PROBLEM
Restate, word for word and with no pictures, the stretch of lines in the data below that begins at the line with "やや狭いスペースの崩しではあ" and ends at the line with "会议结束后,简诺夫等来宾漫步", inclusive.

MATERIALS PROVIDED
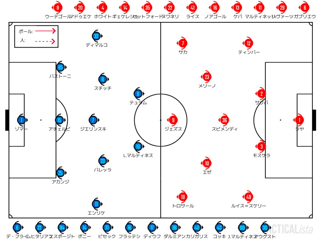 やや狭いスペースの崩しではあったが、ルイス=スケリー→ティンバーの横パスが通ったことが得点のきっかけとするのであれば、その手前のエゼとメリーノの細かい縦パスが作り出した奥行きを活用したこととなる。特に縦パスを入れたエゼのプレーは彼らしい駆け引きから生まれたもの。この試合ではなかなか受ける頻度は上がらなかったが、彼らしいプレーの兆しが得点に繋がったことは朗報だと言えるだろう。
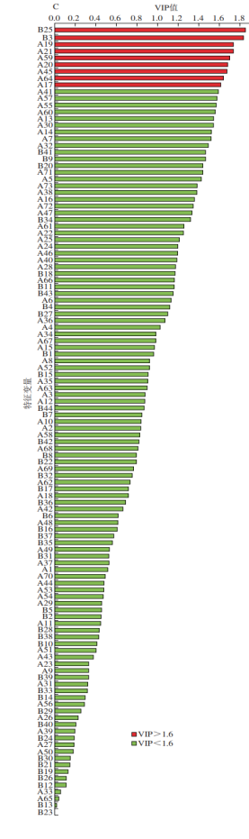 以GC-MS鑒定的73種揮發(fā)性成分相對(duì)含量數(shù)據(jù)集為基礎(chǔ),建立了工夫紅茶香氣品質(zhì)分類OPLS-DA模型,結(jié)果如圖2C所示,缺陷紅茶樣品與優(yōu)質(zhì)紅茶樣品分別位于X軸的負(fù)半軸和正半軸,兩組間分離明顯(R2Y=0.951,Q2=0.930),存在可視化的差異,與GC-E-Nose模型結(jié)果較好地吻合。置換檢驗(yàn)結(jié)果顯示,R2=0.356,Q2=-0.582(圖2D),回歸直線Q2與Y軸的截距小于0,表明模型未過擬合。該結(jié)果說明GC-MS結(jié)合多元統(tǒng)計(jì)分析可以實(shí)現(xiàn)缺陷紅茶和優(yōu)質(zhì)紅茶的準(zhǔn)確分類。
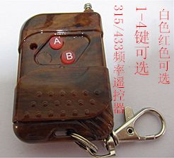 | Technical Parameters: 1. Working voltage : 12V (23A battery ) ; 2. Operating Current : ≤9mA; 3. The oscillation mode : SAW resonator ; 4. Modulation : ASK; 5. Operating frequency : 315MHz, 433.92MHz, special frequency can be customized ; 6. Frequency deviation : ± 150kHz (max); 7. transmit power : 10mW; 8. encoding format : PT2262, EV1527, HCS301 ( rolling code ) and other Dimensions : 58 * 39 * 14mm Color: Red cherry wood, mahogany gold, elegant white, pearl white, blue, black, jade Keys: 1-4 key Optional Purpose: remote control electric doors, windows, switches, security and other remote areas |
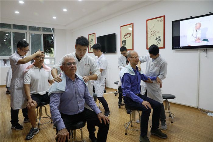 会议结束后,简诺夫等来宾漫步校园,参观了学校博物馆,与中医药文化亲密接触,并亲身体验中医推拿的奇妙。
--
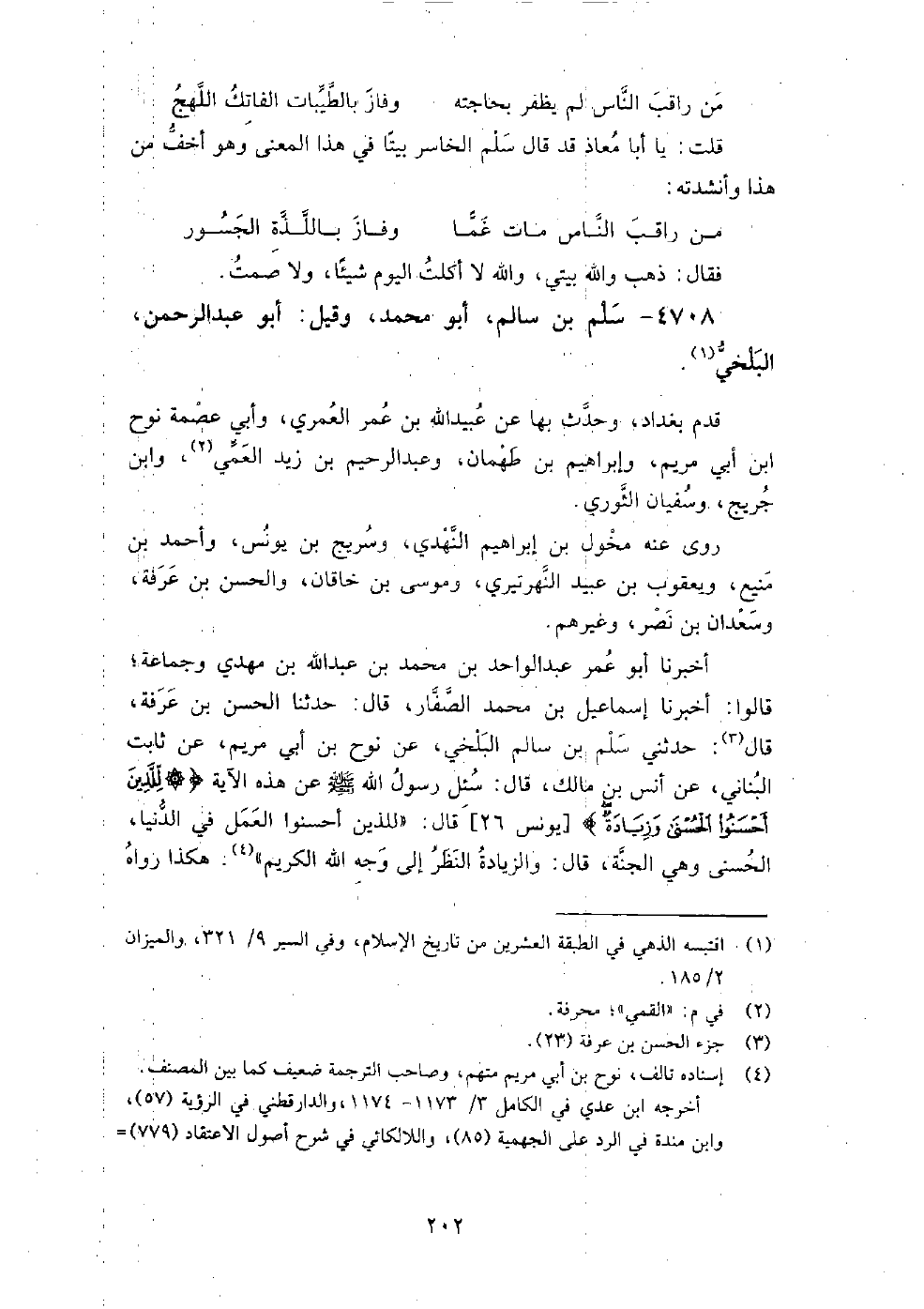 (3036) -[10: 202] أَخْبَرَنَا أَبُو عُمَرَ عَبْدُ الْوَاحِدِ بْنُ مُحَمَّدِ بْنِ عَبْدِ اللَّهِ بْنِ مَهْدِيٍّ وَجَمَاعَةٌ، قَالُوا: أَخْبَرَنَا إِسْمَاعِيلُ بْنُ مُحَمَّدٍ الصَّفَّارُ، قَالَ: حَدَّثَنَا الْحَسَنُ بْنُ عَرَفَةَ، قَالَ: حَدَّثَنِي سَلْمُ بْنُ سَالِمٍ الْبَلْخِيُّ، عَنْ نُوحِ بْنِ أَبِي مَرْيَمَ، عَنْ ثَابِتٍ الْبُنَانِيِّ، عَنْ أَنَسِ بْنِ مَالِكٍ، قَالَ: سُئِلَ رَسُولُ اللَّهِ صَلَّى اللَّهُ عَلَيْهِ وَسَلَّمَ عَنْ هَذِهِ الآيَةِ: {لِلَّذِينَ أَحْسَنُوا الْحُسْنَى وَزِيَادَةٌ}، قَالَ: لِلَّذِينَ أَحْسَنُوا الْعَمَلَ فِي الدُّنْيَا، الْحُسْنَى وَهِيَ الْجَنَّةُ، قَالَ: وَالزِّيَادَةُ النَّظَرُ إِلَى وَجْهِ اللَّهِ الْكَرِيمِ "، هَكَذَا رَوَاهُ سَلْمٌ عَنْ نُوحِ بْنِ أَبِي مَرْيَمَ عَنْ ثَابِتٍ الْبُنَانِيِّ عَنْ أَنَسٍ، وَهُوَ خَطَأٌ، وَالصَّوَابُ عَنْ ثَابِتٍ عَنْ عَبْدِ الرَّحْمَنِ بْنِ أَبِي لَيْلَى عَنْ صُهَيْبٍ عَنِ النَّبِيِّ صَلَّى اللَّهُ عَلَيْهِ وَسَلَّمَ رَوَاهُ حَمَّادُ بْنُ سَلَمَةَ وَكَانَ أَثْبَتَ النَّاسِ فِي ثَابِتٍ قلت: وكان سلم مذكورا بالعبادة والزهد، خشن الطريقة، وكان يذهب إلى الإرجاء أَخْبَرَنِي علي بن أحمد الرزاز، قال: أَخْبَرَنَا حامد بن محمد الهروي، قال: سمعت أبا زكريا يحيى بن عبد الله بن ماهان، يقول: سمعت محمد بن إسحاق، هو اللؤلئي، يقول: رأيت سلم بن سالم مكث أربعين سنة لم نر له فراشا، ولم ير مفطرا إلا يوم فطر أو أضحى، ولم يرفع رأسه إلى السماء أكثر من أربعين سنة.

COMPLETED TASK
 やや狭いスペースの崩しではあったが、ルイス=スケリー→ティンバーの横パスが通ったことが得点のきっかけとするのであれば、その手前のエゼとメリーノの細かい縦パスが作り出した奥行きを活用したこととなる。特に縦パスを入れたエゼのプレーは彼らしい駆け引きから生まれたもの。この試合ではなかなか受ける頻度は上がらなかったが、彼らしいプレーの兆しが得点に繋がったことは朗報だと言えるだろう。
 以GC-MS鑒定的73種揮發(fā)性成分相對(duì)含量數(shù)據(jù)集為基礎(chǔ),建立了工夫紅茶香氣品質(zhì)分類OPLS-DA模型,結(jié)果如圖2C所示,缺陷紅茶樣品與優(yōu)質(zhì)紅茶樣品分別位于X軸的負(fù)半軸和正半軸,兩組間分離明顯(R2Y=0.951,Q2=0.930),存在可視化的差異,與GC-E-Nose模型結(jié)果較好地吻合。置換檢驗(yàn)結(jié)果顯示,R2=0.356,Q2=-0.582(圖2D),回歸直線Q2與Y軸的截距小于0,表明模型未過擬合。該結(jié)果說明GC-MS結(jié)合多元統(tǒng)計(jì)分析可以實(shí)現(xiàn)缺陷紅茶和優(yōu)質(zhì)紅茶的準(zhǔn)確分類。
 | Technical Parameters: 1. Working voltage : 12V (23A battery ) ; 2. Operating Current : ≤9mA; 3. The oscillation mode : SAW resonator ; 4. Modulation : ASK; 5. Operating frequency : 315MHz, 433.92MHz, special frequency can be customized ; 6. Frequency deviation : ± 150kHz (max); 7. transmit power : 10mW; 8. encoding format : PT2262, EV1527, HCS301 ( rolling code ) and other Dimensions : 58 * 39 * 14mm Color: Red cherry wood, mahogany gold, elegant white, pearl white, blue, black, jade Keys: 1-4 key Optional Purpose: remote control electric doors, windows, switches, security and other remote areas |
 会议结束后,简诺夫等来宾漫步校园,参观了学校博物馆,与中医药文化亲密接触,并亲身体验中医推拿的奇妙。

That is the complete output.